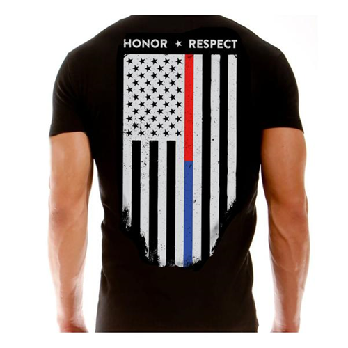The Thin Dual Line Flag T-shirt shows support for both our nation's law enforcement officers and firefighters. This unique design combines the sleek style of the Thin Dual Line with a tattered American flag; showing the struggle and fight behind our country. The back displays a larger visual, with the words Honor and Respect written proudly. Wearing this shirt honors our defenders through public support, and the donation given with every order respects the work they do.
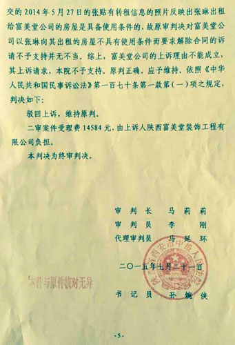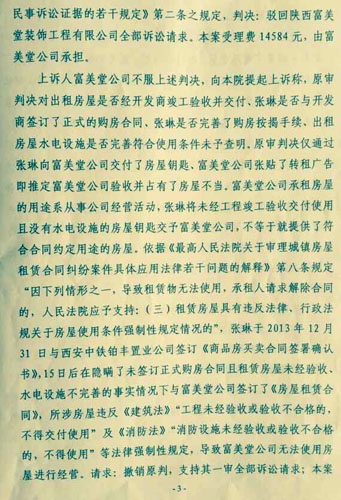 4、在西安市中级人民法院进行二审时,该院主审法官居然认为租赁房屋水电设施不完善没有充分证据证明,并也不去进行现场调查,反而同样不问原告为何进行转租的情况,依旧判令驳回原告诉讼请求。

---

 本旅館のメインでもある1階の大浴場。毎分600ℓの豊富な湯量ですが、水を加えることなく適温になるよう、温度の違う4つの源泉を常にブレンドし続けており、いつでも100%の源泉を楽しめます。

• **Description of the task**:
Reproduce word for word, with pictures dropped, only the part of the material above that opens with the line containing "The Thin Dual Line Flag" and closes with the line containing "4、在西安市中级人民法院进行".

• **Your response**:
The Thin Dual Line Flag T-shirt shows support for both our nation's law enforcement officers and firefighters. This unique design combines the sleek style of the Thin Dual Line with a tattered American flag; showing the struggle and fight behind our country. The back displays a larger visual, with the words Honor and Respect written proudly. Wearing this shirt honors our defenders through public support, and the donation given with every order respects the work they do.
 4、在西安市中级人民法院进行二审时,该院主审法官居然认为租赁房屋水电设施不完善没有充分证据证明,并也不去进行现场调查,反而同样不问原告为何进行转租的情况,依旧判令驳回原告诉讼请求。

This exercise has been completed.